- Work item: Give again, word for word, each line of the data from the first through the one containing "Interfacial Excited-State Carrier". Pictures stay out.

────────

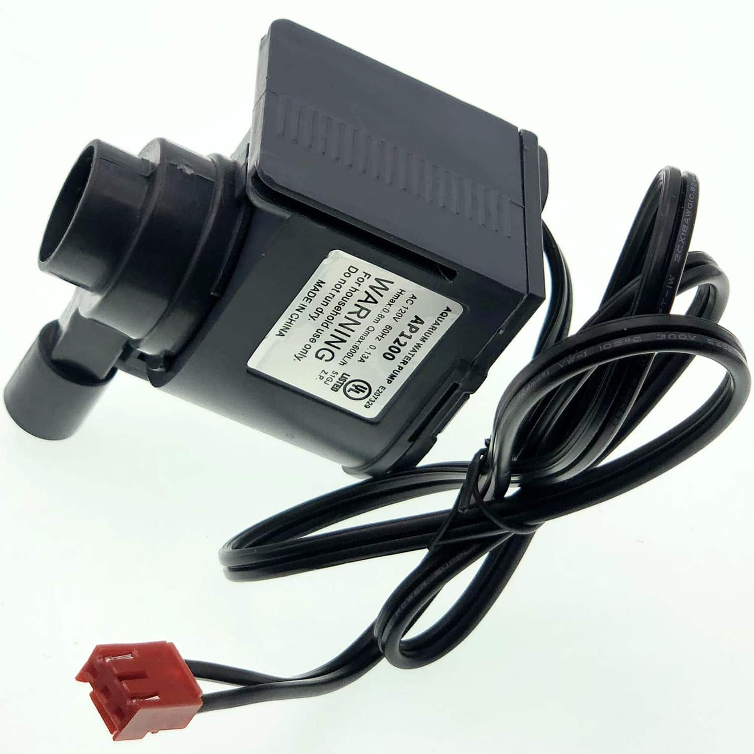 Modelo: AP1200, Bomba de agua AP1200 de 120V AC compatible con HZB-30F, HZB-38F, HZB-32, HZB-45, HZB-65, HZB-90, HZB-120, HZB-160 máquina de hielo comercial. mantenga el mejor rendimiento de las máquinas de hielo. Adecuado para bomba de agua de acuario. TAMAÑO: 47x46x60mm Diámetro de salida de agua: 15.5mm, Voltaje nominal: AC 120V 60Hz 0.13A Hmax:0.8m Qmax:600L/h.
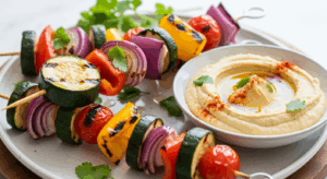 - plate and Garnish: Serve grilled veggie skewers warm alongside a generous bowl of hummus. Drizzle olive oil over the hummus and sprinkle smoked paprika or chopped parsley for a final vibrant touch.
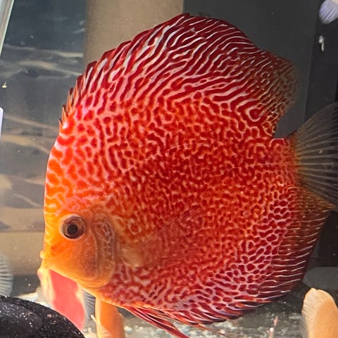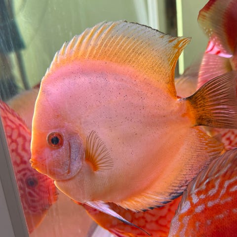 Jeg har en stime på 7 ungfisk, jeg sælger. De største er 10-11 cm. De mindste er 7-8 cm.
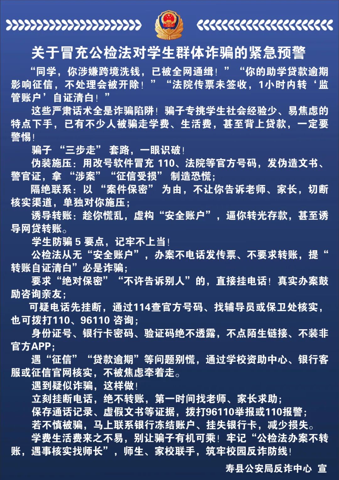 關(guān)于冒充公檢法對(duì)學(xué)生群體詐騙的緊急預(yù)警
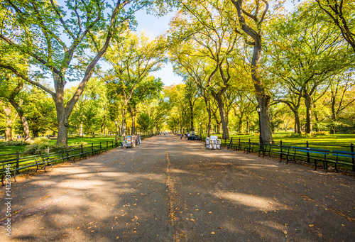 Naklejka premium Beautiful park in beautiful city..Central Park. The Mall area in Central Park at autumn., New York City, USA
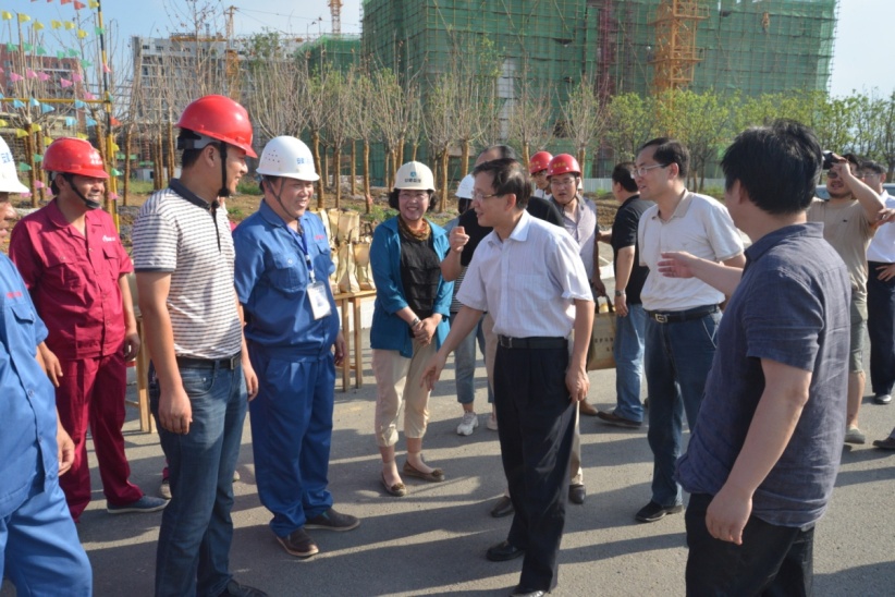 合肥高新区建设发展局局长李先强、合肥市重点工程建设局副局长杜亚斌在调研现场介绍了先进技术研究院一期施工建设的进度、预期进展及建设有关情况。侯建国校长首先代表中国科大及中国科大先进技术研究院,感谢合肥高新区、合肥市重点工程建设局及施工单位等,尤其对高温天气下坚持施工的建筑工人表示感谢,特别叮嘱全体人员注意防暑及人身安全,同时也对当前的工程进度表示满意。
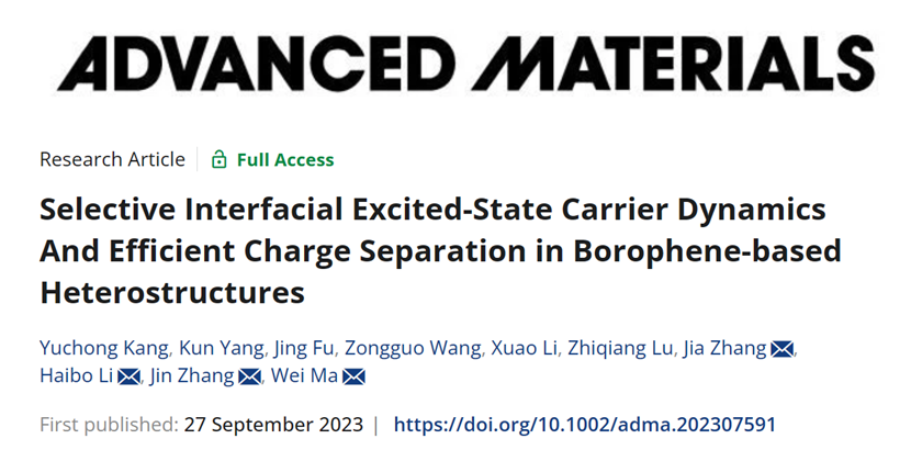 近日,我校在二维范德瓦尔斯异质结载流子动力学研究领域取得重要研究进展,有关成果以《Selective Interfacial Excited-State Carrier Dynamics And Efficient Charge Separation in Borophene-based Heterostructures》为题发表于材料学国际顶级期刊《Advanced Materials》(IF=32.08,中科院一区TOP)上,宁夏大学为第一单位,新香港六合彩资料
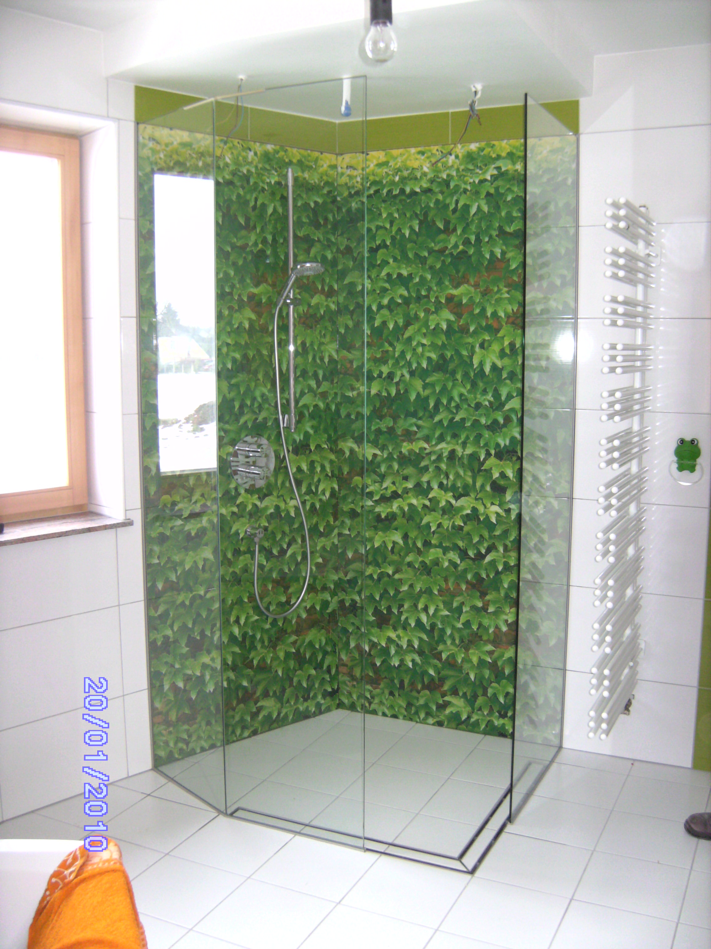 Auch durch bedrucken und folieren kann Ihre Duschlösung zu etwas ganz Besonderem werden - wir informieren Sie gerne über die verschiedensten Designs!
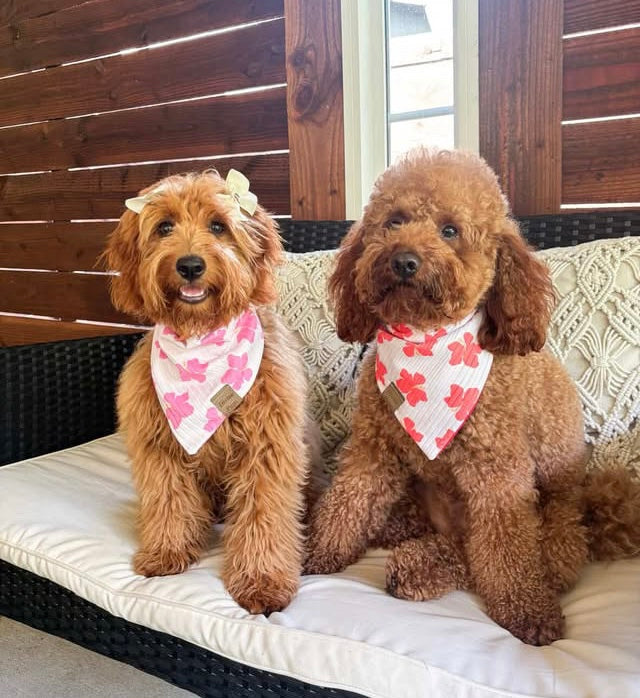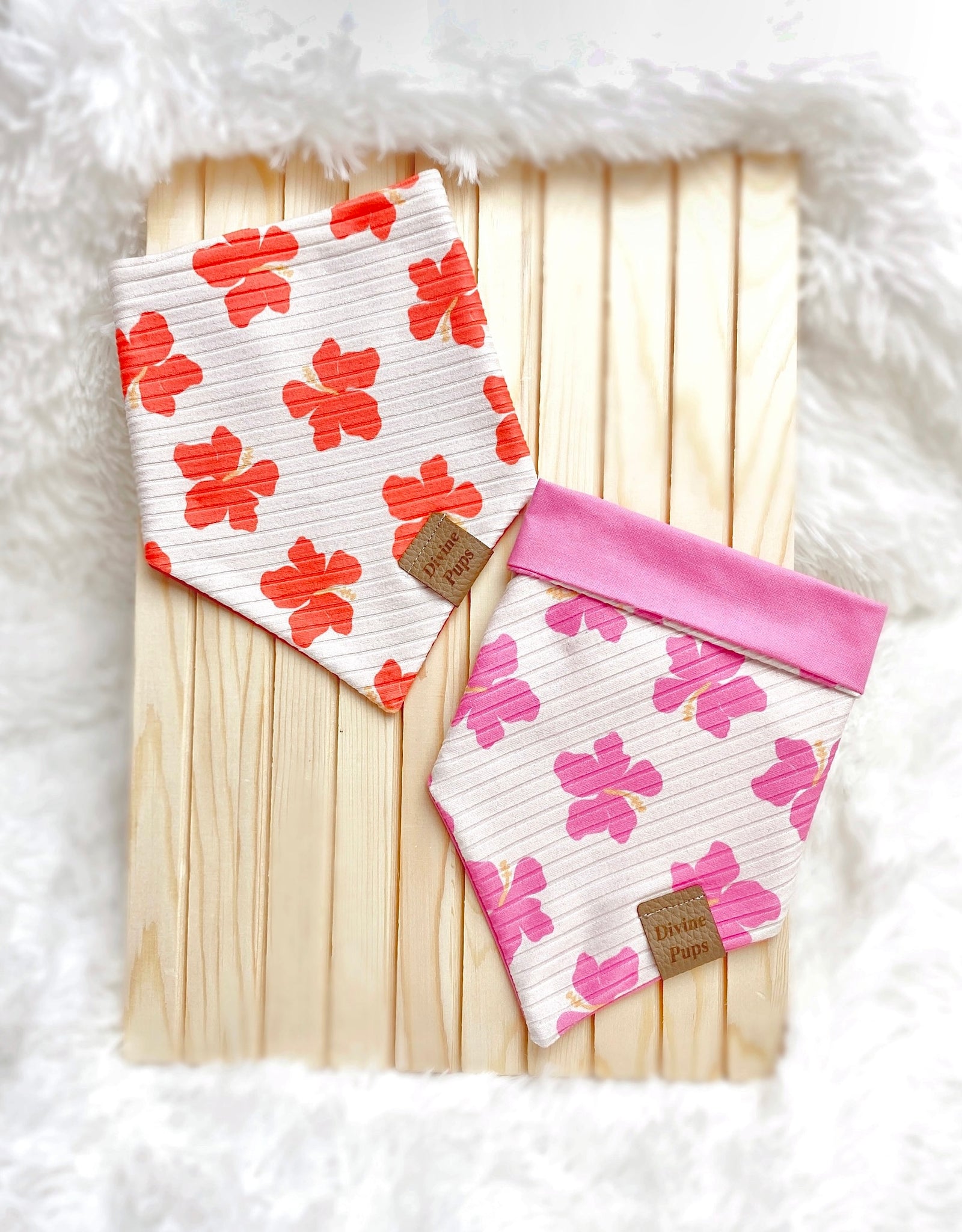 These bandanas are made of a rib knit print and a cotton print on the reversible side. Pick between the orangey red color and the pink color.ย There are 2 buttons on each strap, making it adjustable and easy to snap on! Each bandana is topped off with one of our signature logos, a brown vegan leather fold over tag or gold acrylic tag.ย Handmade in Montreal, Canada.
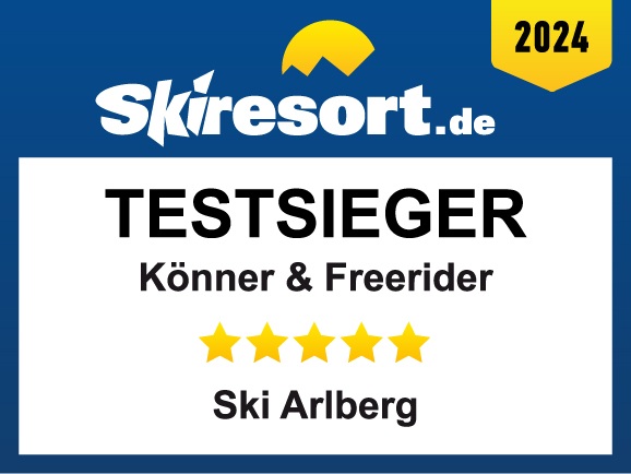 Das Skigebiet Ski Arlberg wurde von Skiresort.at, dem weltweit größten Testportal von Skigebieten, als Testsieger 2024 in der Kategorie „Könner, Freerider“ ausgezeichnet.
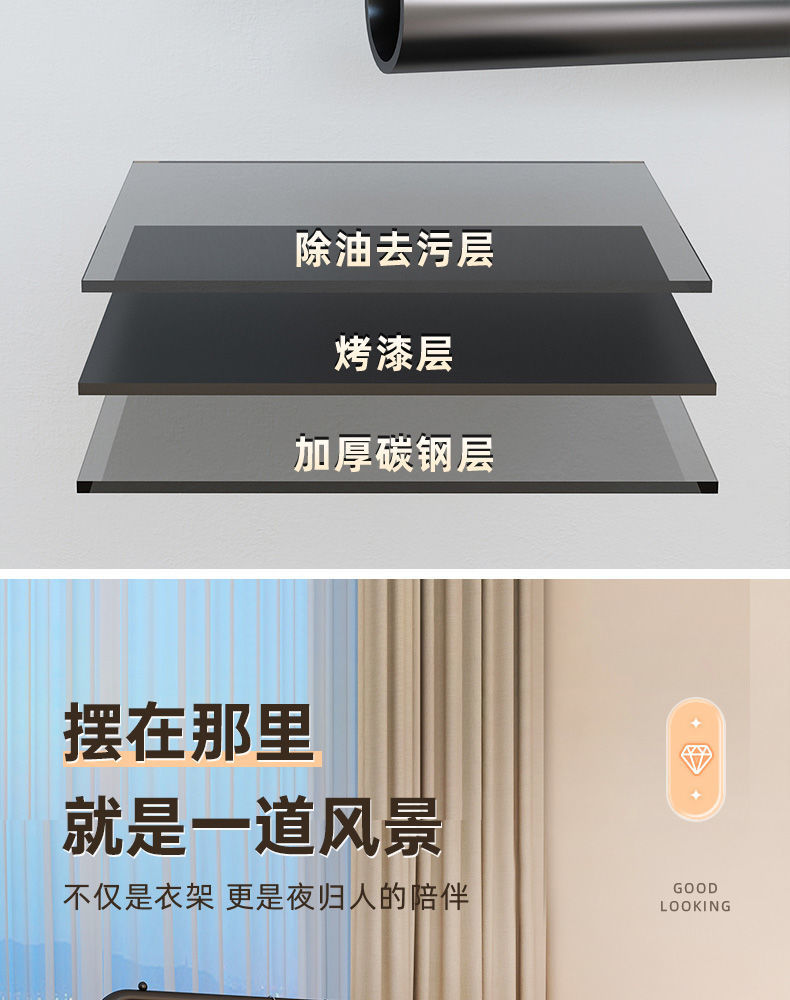 • 업그레이드된 더블 후크 모델 - 더블 폴 싱글 레이어 - 150cm 블랙
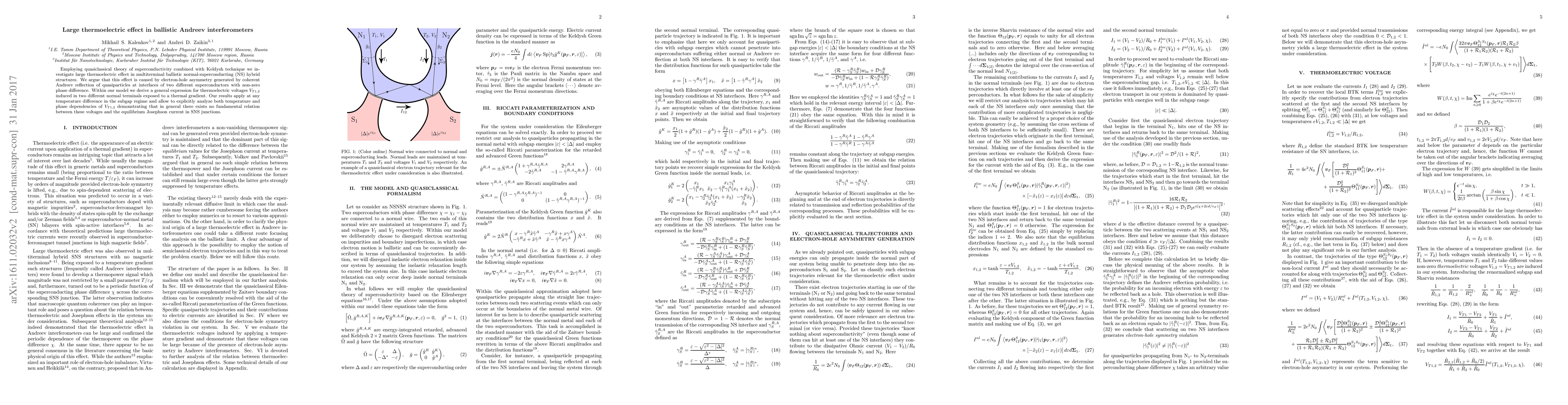 This research investigates the thermoelectric effect in multiterminal ballistic normal-superconducting hybrid structures, attributing it to electron-hole asymmetry from coherent Andreev reflections. It derives expressions for thermoelectric voltages induced by thermal gradients, showing no fundamental link to equilibrium Josephson current in SNS junctions.

────────

- Task answer:
 Modelo: AP1200, Bomba de agua AP1200 de 120V AC compatible con HZB-30F, HZB-38F, HZB-32, HZB-45, HZB-65, HZB-90, HZB-120, HZB-160 máquina de hielo comercial. mantenga el mejor rendimiento de las máquinas de hielo. Adecuado para bomba de agua de acuario. TAMAÑO: 47x46x60mm Diámetro de salida de agua: 15.5mm, Voltaje nominal: AC 120V 60Hz 0.13A Hmax:0.8m Qmax:600L/h.
 - plate and Garnish: Serve grilled veggie skewers warm alongside a generous bowl of hummus. Drizzle olive oil over the hummus and sprinkle smoked paprika or chopped parsley for a final vibrant touch.
 Jeg har en stime på 7 ungfisk, jeg sælger. De største er 10-11 cm. De mindste er 7-8 cm.
 關(guān)于冒充公檢法對(duì)學(xué)生群體詐騙的緊急預(yù)警
 Naklejka premium Beautiful park in beautiful city..Central Park. The Mall area in Central Park at autumn., New York City, USA
 合肥高新区建设发展局局长李先强、合肥市重点工程建设局副局长杜亚斌在调研现场介绍了先进技术研究院一期施工建设的进度、预期进展及建设有关情况。侯建国校长首先代表中国科大及中国科大先进技术研究院,感谢合肥高新区、合肥市重点工程建设局及施工单位等,尤其对高温天气下坚持施工的建筑工人表示感谢,特别叮嘱全体人员注意防暑及人身安全,同时也对当前的工程进度表示满意。
 近日,我校在二维范德瓦尔斯异质结载流子动力学研究领域取得重要研究进展,有关成果以《Selective Interfacial Excited-State Carrier Dynamics And Efficient Charge Separation in Borophene-based Heterostructures》为题发表于材料学国际顶级期刊《Advanced Materials》(IF=32.08,中科院一区TOP)上,宁夏大学为第一单位,新香港六合彩资料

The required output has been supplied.